When you get an on-premise password manager, you should be able to audit the code. In fact, if it’s an open-source code, you should be able to make changes in the code as well. However, this might make the software unstable. If you plan to make changes, discuss it with your vendor and ask them if they can provide a fresh copy in case the code becomes unstable.

With the help of auditing, you can measure the effectiveness of the corporate password manager. A software vendor that lets you view the internal code shows that they have complete transparency and have nothing to hide.

In addition to this, the password manager should conduct regular audits to see which passwords have become old and which services share the same password. These passwords need to be updated. An advanced password manager will ask you to replace old passwords with new ones.

TIP #7 — Test the SSL quality

Advanced corporate password management tools use Secure Sockets Layer (SSL). The SSL transfers data securely between the client and the server. Passwork uses SSL along with AES-256 bit encryption and RSA handshake to ensure your data is encrypted according to the highest standards.

There are several online tools to check if there are any potential issues with the SSL quality of the password manager. With tools such as SSL Labs and SSL Checker, you can find out if the SSL certificates of the password manager are valid.

TIP #8 — Get a FLEXIBLE solution

A good corporate password manager will work on all major platforms. While some password managers only work on web-based browsers, an advanced password management tool will keep your accounts secure, no matter where you log in from. Passwork has a web version that you can use on a PC or a Mac. It also has mobile versions for iOS and Android.
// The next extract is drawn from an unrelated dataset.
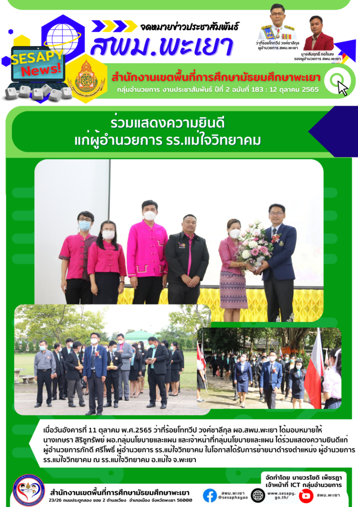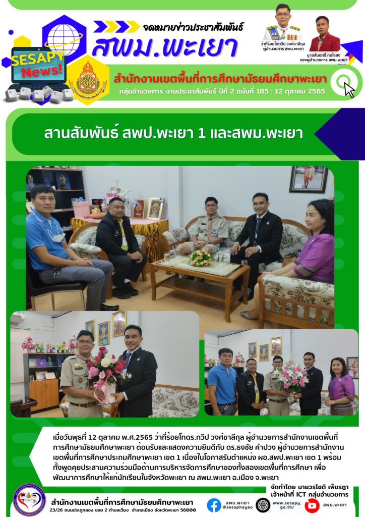 จดหมายข่าว สพม. ผอ.สพม.พะเยา ร่วมประชุมการลงพื้นที่ตรวจเยี่ยม และติดตามฯ ของรัฐมนตรีว่าการกระทรวงศึกษาธิการ 18 ตุลาคม 202218 ตุลาคม 2022

And it has browser plugins for Chrome and Firefox as well. So no matter where you are or how you access your accounts, your passwords are always safe.

If you use the same service on your laptop and mobile device, the password manager should be able to sync the passwords across various devices. For example, if you save the password for Facebook on your Chrome browser and later use your phone to open the Facebook app, it should automatically sync the passwords.

The Bottom Line

There are several corporate password managers out there. But make sure you choose the best one. If you find a password manager that satisfies all the criteria given above and is easily affordable, choose it to save your passwords.

However, make sure you don’t select a weak manager just to save a couple of bucks. Your enterprise passwords are extremely important so don’t compromise on quality. Hacking incidents have become rampant and you can save a lot of precious data just by spending a few dollars.

There’s a saying in the online world – if you get a product for free, you’re the product. Make the right choice and get the right software tool that keeps your company’s details safe. It doesn’t just make things easier for your employees but also keeps your precious details secure from prying eyes.